EXERCISE DESCRIPTION: Leave out any pictures and transcribe all other data below exactly.
[INPUT DATA — start]
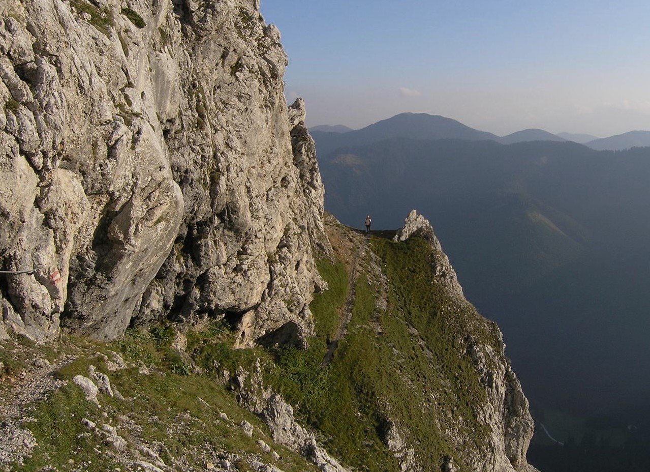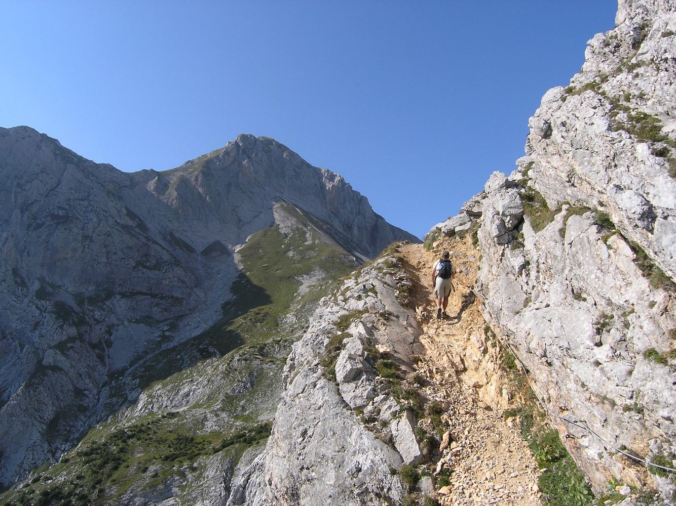 Kein klassischer Klettersteig, sondern ein nur stellenweise versicherter alpiner Steig (schwarzer Bergweg).
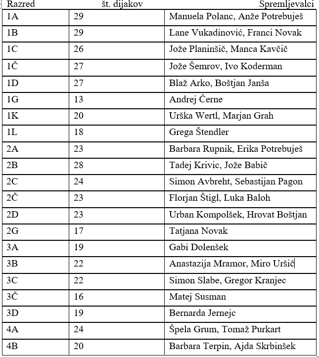 Vsi dijaki imajo pouk štiri šolske ure, ob 11.40. uri pa se zberejo pred GR, kjer počakajo na svoje spremljevalce.
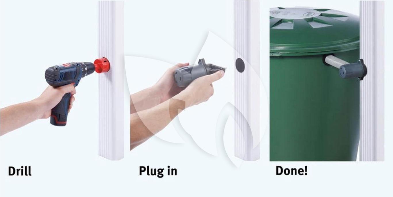 De regenton vulautomaat Rapido zorgt naast zijn eenvoudige installatie ervoor dat uw regenton wordt voorzien van regenwater zonder dat vuil en bladeren in uw ton terechtkomen. Ook kunt u de vulautomaat instellen op een zomer- en winterstand en is hij voorzien van een overloopfunctie die voorkomt dat uw regenton overstroomt. De Rapido kan bevestigd worden aan zowel vierkante als rechthoekige regepijpen, waarbij de vulautomaat een dakoppervlakte van maar liefst 80m2 aan kan. De vulautomaat wordt in een complete set aan u geleverd, bestaande uit een boorstuk, afdichtmiddel en een flexibele verbindingsslang van 40 cm.
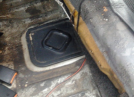 - Сначала снимите заднее сиденье, чтобы получить доступ к лючку бензонасоса.
[INPUT DATA — finish]
YOUR RESPONSE:
 Kein klassischer Klettersteig, sondern ein nur stellenweise versicherter alpiner Steig (schwarzer Bergweg).
 Vsi dijaki imajo pouk štiri šolske ure, ob 11.40. uri pa se zberejo pred GR, kjer počakajo na svoje spremljevalce.
 De regenton vulautomaat Rapido zorgt naast zijn eenvoudige installatie ervoor dat uw regenton wordt voorzien van regenwater zonder dat vuil en bladeren in uw ton terechtkomen. Ook kunt u de vulautomaat instellen op een zomer- en winterstand en is hij voorzien van een overloopfunctie die voorkomt dat uw regenton overstroomt. De Rapido kan bevestigd worden aan zowel vierkante als rechthoekige regepijpen, waarbij de vulautomaat een dakoppervlakte van maar liefst 80m2 aan kan. De vulautomaat wordt in een complete set aan u geleverd, bestaande uit een boorstuk, afdichtmiddel en een flexibele verbindingsslang van 40 cm.
 - Сначала снимите заднее сиденье, чтобы получить доступ к лючку бензонасоса.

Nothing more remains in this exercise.